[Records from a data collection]
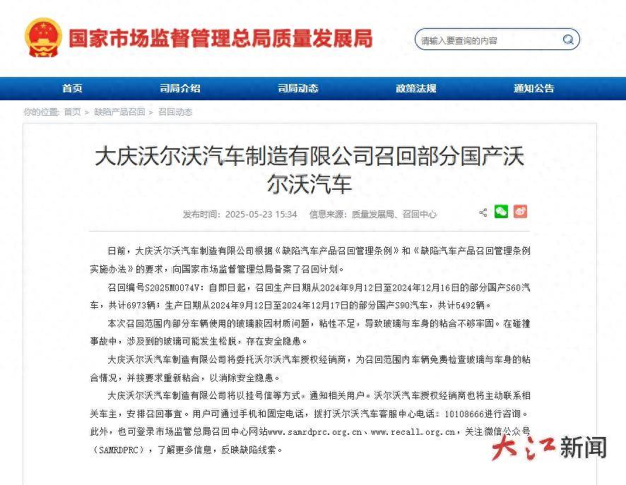 召回編號S2025M0074V:自即日起,召回生產日期從2024年9月12日至2024年12月16日的部分國產S60汽車,共計6973輛;生產日期從2024年9月12日至2024年12月17日的部分國產S90汽車,共計5492輛。
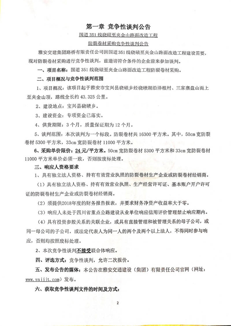 雅安交建集團路橋有限責(zé)任公司國道351線磽磧至夾金山路面改造工程防裂卷材采購競爭性談判公告
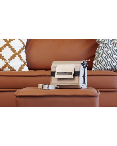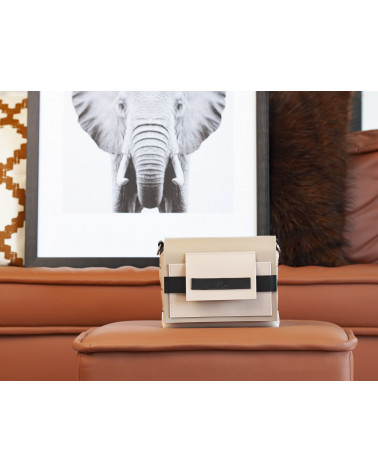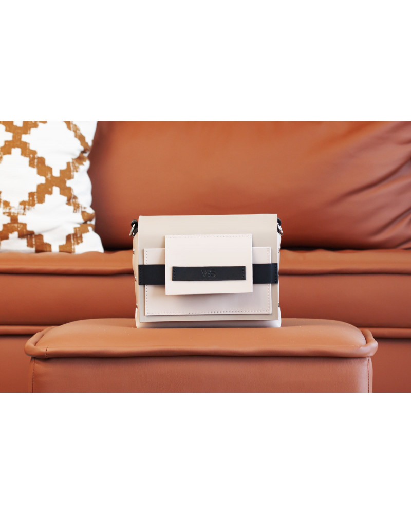 На фото Саїф:портфель у поєднанні бежевого, пудрового, чорного кольорів.
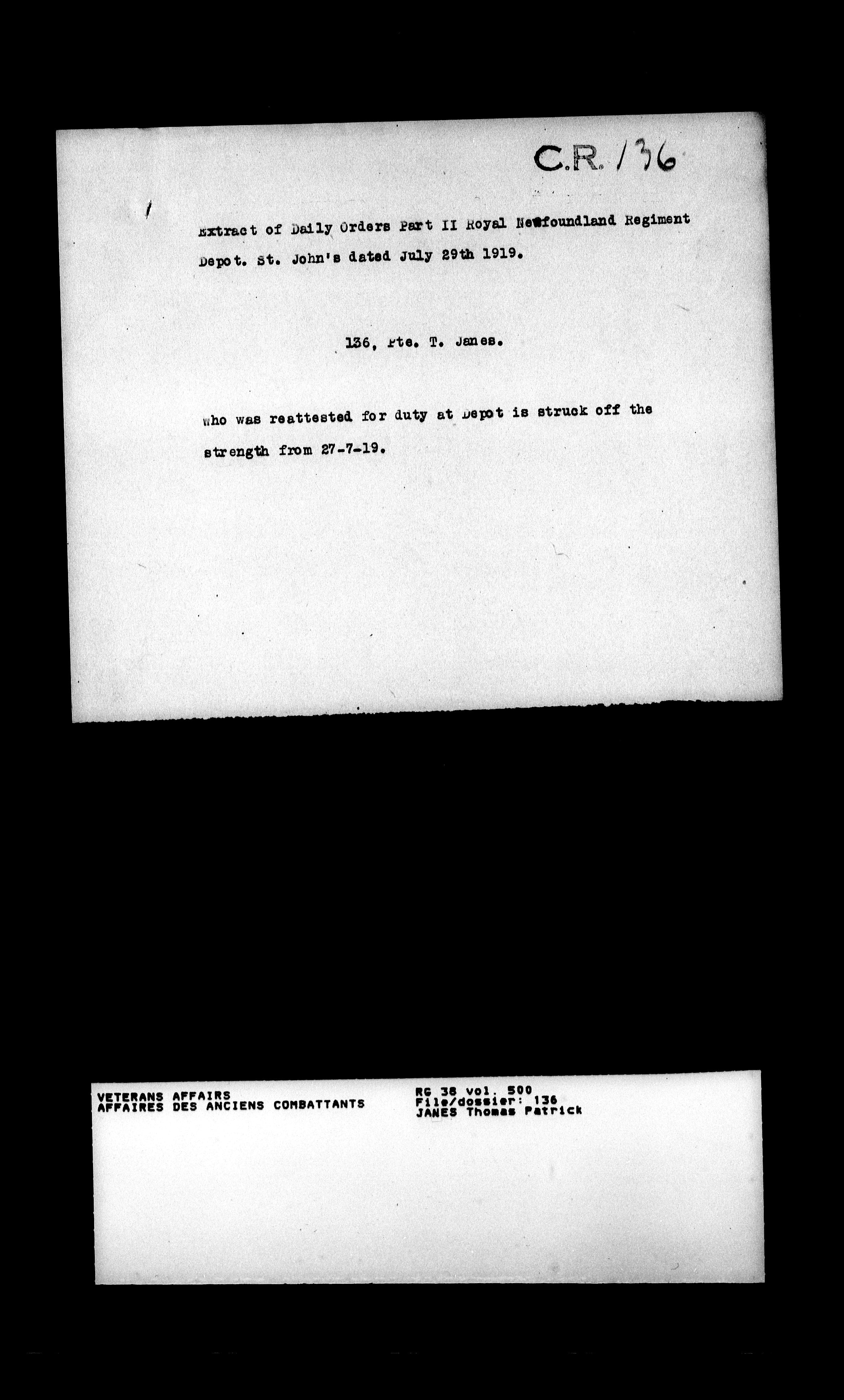 Military service files for members of the Royal Newfoundland Regiment and bandsmen and the Newfoundland Forestry Corps (1914-1919) - 18030
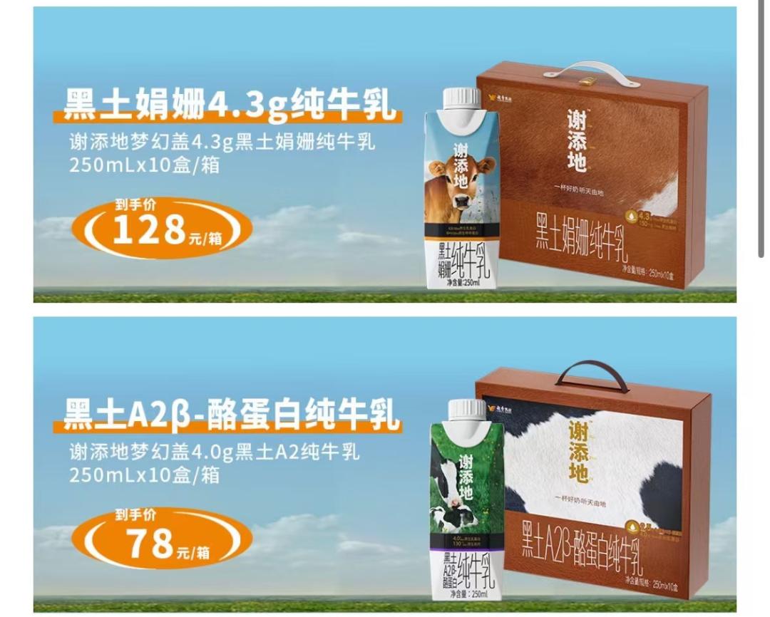 现在,“谢添地”推出了两款常温白奶产品:梦幻盖黑土娟纯牛奶,官网商城售价128元/盒(250mlx10盒);梦盖黑土A2纯牛奶,价格为78元/盒(250mlx10盒),即每瓶价格分别为7.8元和12.8元。

■ **The task**
Write the data out again exactly, but without its images.

■ **Output of the task**
 召回編號S2025M0074V:自即日起,召回生產日期從2024年9月12日至2024年12月16日的部分國產S60汽車,共計6973輛;生產日期從2024年9月12日至2024年12月17日的部分國產S90汽車,共計5492輛。
 雅安交建集團路橋有限責(zé)任公司國道351線磽磧至夾金山路面改造工程防裂卷材采購競爭性談判公告
 На фото Саїф:портфель у поєднанні бежевого, пудрового, чорного кольорів.
 Military service files for members of the Royal Newfoundland Regiment and bandsmen and the Newfoundland Forestry Corps (1914-1919) - 18030
 现在,“谢添地”推出了两款常温白奶产品:梦幻盖黑土娟纯牛奶,官网商城售价128元/盒(250mlx10盒);梦盖黑土A2纯牛奶,价格为78元/盒(250mlx10盒),即每瓶价格分别为7.8元和12.8元。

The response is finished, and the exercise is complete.